What is being asked:
Write out all the data verbatim. Skip images.

Exercise data:
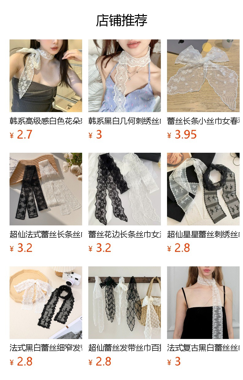 클래식 흑백 우아한 레트로 레이스 헤어 밴드 긴 스카프 벨트 하이 엔드 패션 스카프 액세서리스토어 가기
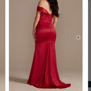 This stunning satin off-the-shoulder mermaid bridesmaid dress from David's Bridal is the perfect choice for any bridal party. The off-the-shoulder neckline adds a touch of elegance, while the mermaid silhouette is flattering on all body types. The satin fabric drapes beautifully and has a luxurious feel. Whether you're a bridesmaid or a guest at a formal event, this dress is sure to turn heads. This stretch-satin mermaid bridesmaid dress features an off-the-shoulder sweetheart neckline, flattering side-ruching, back buttons, and a fishtail train.
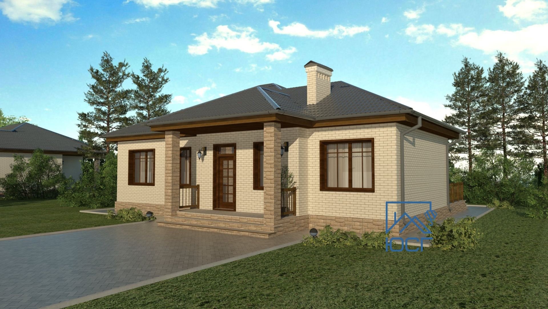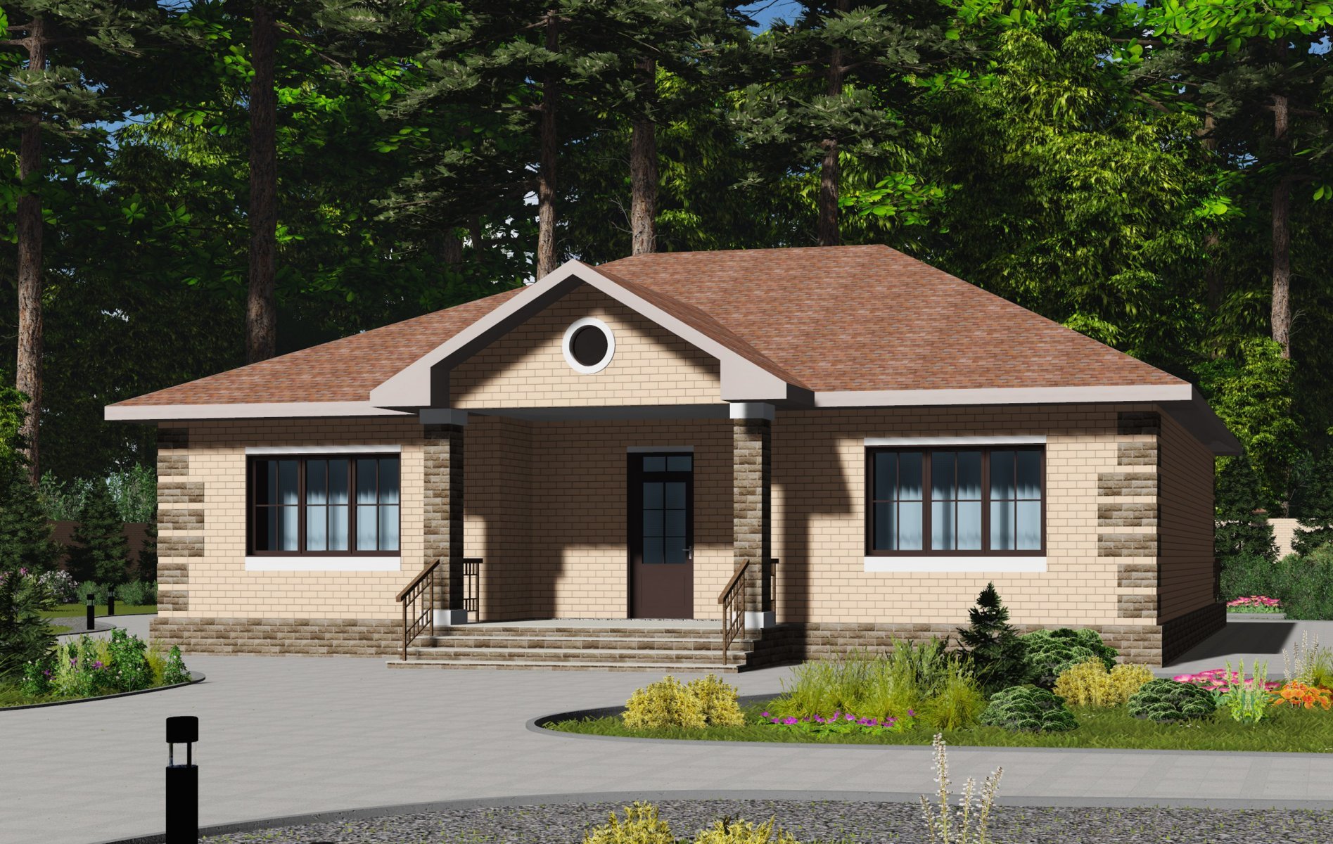 Одноэтажный дом с крыльцом
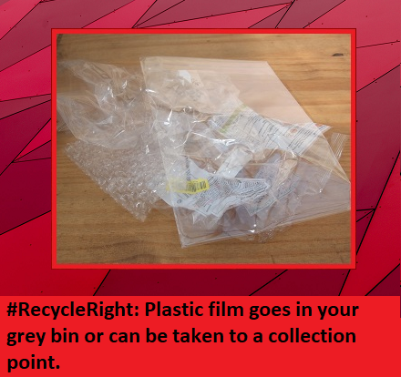 #RecycleRight: Plastic film goes in your grey bin or can be taken to a collection point. pic.twitter.com/8IWHe0zpqE

Response box:
 클래식 흑백 우아한 레트로 레이스 헤어 밴드 긴 스카프 벨트 하이 엔드 패션 스카프 액세서리스토어 가기
 This stunning satin off-the-shoulder mermaid bridesmaid dress from David's Bridal is the perfect choice for any bridal party. The off-the-shoulder neckline adds a touch of elegance, while the mermaid silhouette is flattering on all body types. The satin fabric drapes beautifully and has a luxurious feel. Whether you're a bridesmaid or a guest at a formal event, this dress is sure to turn heads. This stretch-satin mermaid bridesmaid dress features an off-the-shoulder sweetheart neckline, flattering side-ruching, back buttons, and a fishtail train.
 Одноэтажный дом с крыльцом
 #RecycleRight: Plastic film goes in your grey bin or can be taken to a collection point. pic.twitter.com/8IWHe0zpqE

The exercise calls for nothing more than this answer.